## THE DATA
↓

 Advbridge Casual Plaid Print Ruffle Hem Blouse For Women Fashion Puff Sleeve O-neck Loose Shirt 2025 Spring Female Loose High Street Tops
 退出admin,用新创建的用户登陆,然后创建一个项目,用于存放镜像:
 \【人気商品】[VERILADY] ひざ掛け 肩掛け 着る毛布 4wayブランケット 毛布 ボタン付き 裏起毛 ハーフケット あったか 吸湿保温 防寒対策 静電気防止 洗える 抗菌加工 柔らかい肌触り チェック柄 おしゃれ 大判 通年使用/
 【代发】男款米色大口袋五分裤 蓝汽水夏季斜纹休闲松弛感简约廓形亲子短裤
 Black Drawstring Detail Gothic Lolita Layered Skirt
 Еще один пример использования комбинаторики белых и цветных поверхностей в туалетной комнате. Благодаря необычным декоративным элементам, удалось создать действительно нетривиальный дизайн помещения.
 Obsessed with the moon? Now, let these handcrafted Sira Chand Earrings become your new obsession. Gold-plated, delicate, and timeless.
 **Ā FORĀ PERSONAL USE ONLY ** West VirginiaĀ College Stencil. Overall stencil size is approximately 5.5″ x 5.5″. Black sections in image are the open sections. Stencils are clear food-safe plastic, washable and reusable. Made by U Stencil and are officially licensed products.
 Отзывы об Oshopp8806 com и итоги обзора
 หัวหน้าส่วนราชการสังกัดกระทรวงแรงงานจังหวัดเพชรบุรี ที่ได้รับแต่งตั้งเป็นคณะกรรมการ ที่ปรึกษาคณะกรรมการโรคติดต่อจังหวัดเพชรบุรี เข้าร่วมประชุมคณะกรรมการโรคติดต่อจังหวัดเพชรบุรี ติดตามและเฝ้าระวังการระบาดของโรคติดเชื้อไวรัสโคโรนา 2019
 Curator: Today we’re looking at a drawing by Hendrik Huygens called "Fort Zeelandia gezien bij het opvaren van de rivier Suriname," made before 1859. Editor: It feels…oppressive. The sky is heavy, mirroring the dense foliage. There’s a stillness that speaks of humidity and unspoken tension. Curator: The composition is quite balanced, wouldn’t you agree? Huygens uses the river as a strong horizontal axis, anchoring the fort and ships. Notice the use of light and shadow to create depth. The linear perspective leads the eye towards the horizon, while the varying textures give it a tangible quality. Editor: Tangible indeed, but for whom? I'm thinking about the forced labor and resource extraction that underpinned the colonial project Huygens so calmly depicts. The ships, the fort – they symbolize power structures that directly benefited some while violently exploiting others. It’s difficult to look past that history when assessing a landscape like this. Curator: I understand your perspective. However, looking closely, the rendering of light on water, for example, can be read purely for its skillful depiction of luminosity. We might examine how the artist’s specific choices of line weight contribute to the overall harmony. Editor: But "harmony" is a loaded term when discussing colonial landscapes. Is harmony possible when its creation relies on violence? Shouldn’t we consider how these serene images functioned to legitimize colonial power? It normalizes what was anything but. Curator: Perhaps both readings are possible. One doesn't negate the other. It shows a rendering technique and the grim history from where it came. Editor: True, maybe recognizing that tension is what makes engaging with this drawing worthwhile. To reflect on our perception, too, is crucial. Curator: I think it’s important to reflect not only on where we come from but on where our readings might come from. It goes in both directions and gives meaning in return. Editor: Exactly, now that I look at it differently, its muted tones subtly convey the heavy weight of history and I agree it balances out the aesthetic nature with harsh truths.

↑

## YOUR ASSIGNMENT
Every line above from the line with "Еще один пример" to the line with "Obsessed with the", both included, must be reproduced exactly, and no other line may appear.

## WORKED SOLUTION
 Еще один пример использования комбинаторики белых и цветных поверхностей в туалетной комнате. Благодаря необычным декоративным элементам, удалось создать действительно нетривиальный дизайн помещения.
 Obsessed with the moon? Now, let these handcrafted Sira Chand Earrings become your new obsession. Gold-plated, delicate, and timeless.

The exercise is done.